### TO DO:
Once you reach the line that contains "Le coton est", retype it and each later line exactly as written, stopping only at the end of the listing.

### DATASET CONTENT:
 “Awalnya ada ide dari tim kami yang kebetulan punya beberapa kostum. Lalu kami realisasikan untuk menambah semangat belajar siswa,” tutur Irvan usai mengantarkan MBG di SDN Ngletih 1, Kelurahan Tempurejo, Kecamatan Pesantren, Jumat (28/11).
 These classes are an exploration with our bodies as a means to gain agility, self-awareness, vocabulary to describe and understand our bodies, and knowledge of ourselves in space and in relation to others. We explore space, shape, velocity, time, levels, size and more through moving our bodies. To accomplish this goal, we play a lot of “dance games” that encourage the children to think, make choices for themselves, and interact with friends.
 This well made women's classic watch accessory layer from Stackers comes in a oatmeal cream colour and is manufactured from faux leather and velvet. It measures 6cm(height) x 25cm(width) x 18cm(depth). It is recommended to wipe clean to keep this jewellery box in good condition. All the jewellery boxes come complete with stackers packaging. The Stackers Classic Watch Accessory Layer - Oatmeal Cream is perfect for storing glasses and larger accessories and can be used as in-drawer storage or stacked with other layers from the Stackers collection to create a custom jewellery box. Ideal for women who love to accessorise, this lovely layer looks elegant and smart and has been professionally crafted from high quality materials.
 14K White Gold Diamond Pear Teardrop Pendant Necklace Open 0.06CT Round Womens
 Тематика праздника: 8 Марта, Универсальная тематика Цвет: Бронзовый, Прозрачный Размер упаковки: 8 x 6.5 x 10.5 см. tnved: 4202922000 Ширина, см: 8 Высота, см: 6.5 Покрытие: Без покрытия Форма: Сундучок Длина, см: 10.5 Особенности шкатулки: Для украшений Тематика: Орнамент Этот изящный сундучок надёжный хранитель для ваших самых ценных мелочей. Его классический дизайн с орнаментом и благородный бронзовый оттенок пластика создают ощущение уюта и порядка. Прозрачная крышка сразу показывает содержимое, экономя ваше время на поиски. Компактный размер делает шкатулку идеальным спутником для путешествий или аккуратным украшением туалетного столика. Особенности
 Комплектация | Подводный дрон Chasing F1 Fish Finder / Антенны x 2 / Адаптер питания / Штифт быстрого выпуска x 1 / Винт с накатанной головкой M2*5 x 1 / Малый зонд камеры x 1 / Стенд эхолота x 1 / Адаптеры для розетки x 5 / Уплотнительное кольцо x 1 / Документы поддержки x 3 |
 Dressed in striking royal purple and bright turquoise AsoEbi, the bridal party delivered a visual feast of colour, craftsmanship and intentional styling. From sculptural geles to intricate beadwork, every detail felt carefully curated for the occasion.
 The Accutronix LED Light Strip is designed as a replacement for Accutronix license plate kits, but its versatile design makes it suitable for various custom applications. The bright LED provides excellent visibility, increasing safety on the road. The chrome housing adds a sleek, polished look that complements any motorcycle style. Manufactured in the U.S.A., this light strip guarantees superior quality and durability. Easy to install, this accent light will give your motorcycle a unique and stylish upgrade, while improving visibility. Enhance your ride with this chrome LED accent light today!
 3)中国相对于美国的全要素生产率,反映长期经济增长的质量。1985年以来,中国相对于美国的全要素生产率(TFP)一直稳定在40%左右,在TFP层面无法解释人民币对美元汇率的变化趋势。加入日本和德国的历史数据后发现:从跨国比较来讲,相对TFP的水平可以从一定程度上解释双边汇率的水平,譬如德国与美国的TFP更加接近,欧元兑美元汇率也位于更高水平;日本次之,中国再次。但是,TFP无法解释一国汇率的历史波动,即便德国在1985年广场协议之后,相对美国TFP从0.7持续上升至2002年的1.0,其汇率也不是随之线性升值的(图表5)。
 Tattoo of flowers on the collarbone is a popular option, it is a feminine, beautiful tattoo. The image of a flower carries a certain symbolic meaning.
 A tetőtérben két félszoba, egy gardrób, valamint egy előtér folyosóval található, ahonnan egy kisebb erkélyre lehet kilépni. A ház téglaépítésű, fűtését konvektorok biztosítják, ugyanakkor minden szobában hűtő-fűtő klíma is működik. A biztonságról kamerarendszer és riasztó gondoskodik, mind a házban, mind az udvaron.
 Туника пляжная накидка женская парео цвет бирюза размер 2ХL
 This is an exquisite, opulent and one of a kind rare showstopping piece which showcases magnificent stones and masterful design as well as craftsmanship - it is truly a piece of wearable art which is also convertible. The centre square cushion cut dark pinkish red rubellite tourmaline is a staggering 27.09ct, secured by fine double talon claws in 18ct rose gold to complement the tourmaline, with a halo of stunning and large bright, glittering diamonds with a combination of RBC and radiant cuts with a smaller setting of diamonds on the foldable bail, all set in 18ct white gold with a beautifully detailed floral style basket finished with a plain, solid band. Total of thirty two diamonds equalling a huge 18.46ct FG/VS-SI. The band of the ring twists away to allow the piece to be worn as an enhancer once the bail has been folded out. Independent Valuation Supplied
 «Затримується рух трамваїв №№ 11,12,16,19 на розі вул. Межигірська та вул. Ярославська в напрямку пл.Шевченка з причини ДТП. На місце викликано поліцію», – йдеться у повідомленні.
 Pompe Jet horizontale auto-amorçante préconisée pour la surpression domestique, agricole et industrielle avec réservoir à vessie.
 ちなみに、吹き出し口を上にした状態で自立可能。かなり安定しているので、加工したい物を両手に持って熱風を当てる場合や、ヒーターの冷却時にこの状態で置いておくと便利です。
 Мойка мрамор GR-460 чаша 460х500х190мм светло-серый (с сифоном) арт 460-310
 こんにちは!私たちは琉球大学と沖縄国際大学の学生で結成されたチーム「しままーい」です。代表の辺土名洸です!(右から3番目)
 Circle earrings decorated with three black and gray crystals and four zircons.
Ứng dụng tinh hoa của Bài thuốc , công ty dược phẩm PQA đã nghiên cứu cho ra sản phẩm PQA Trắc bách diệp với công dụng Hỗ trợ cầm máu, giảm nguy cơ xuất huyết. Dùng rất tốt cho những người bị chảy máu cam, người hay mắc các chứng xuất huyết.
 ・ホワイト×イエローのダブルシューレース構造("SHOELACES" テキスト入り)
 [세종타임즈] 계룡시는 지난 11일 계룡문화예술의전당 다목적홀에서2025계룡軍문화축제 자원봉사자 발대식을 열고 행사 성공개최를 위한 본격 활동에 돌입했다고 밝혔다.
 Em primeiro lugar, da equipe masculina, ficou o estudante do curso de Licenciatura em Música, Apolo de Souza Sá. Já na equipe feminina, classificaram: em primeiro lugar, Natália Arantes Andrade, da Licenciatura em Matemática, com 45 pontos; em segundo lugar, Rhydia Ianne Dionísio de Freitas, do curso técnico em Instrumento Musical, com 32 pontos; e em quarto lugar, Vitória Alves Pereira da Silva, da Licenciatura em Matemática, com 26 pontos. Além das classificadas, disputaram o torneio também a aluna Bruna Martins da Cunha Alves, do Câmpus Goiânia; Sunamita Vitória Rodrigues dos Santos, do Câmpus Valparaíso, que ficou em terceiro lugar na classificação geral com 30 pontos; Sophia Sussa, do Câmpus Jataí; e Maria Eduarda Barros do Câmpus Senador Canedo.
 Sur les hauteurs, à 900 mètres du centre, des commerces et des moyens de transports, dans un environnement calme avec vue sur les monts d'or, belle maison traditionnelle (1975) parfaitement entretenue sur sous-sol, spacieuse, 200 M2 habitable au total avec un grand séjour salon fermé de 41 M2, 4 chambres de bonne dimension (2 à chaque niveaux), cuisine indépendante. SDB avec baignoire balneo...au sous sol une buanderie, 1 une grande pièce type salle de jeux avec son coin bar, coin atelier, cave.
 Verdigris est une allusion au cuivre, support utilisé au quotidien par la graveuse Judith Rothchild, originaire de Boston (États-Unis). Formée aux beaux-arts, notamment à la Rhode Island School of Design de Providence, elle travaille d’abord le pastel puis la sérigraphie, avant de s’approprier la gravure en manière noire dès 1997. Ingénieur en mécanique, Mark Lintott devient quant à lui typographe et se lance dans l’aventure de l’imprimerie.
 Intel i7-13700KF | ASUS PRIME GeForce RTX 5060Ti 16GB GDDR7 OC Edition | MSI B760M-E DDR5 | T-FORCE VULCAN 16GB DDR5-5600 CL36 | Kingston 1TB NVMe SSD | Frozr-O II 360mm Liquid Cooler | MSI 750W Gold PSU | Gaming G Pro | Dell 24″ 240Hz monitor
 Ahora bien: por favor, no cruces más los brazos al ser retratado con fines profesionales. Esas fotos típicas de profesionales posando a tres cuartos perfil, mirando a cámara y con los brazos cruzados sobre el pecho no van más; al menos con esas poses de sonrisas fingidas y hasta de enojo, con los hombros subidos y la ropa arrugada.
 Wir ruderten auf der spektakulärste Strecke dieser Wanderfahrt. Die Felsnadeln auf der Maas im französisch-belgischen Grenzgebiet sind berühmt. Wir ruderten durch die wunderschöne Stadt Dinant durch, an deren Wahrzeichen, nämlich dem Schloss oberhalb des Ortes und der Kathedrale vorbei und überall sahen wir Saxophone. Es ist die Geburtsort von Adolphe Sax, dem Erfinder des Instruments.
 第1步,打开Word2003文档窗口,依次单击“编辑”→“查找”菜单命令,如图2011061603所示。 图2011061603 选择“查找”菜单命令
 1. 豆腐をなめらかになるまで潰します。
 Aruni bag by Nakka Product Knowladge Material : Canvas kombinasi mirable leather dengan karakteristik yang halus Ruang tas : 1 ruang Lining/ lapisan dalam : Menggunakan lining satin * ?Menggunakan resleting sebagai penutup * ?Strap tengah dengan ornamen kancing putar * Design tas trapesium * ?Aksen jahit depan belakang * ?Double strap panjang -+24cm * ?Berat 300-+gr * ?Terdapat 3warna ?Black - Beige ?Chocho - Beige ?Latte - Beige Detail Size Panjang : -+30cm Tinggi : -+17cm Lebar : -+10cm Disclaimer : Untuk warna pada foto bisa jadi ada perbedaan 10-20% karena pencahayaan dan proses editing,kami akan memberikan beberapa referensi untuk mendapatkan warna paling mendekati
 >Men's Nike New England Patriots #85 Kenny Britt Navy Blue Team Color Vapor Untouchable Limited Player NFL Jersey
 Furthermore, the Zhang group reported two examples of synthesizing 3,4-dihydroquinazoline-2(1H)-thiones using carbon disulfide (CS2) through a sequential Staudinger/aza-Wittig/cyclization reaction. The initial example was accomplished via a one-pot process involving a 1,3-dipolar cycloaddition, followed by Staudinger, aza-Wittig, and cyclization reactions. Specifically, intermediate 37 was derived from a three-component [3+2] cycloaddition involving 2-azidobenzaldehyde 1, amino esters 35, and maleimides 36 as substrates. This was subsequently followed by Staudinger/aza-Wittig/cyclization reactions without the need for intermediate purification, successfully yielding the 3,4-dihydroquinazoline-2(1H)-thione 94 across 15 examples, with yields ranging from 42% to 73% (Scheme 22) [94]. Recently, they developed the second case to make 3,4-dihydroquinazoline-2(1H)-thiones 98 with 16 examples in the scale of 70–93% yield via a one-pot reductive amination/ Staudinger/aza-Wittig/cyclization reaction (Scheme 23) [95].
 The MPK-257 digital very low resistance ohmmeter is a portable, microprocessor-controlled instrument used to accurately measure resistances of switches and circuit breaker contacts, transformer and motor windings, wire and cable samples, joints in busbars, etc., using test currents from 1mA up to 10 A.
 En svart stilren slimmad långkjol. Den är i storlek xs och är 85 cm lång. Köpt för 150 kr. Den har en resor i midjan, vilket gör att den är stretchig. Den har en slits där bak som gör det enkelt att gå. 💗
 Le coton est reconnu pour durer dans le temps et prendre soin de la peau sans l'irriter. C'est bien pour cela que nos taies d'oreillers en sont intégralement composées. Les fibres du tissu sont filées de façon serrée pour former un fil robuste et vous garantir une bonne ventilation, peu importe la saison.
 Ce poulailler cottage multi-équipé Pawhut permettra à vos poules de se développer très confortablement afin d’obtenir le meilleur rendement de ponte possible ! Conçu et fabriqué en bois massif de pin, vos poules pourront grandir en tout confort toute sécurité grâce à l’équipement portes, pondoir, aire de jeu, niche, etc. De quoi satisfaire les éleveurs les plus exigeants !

### EXPECTED OUTPUT:
 Le coton est reconnu pour durer dans le temps et prendre soin de la peau sans l'irriter. C'est bien pour cela que nos taies d'oreillers en sont intégralement composées. Les fibres du tissu sont filées de façon serrée pour former un fil robuste et vous garantir une bonne ventilation, peu importe la saison.
 Ce poulailler cottage multi-équipé Pawhut permettra à vos poules de se développer très confortablement afin d’obtenir le meilleur rendement de ponte possible ! Conçu et fabriqué en bois massif de pin, vos poules pourront grandir en tout confort toute sécurité grâce à l’équipement portes, pondoir, aire de jeu, niche, etc. De quoi satisfaire les éleveurs les plus exigeants !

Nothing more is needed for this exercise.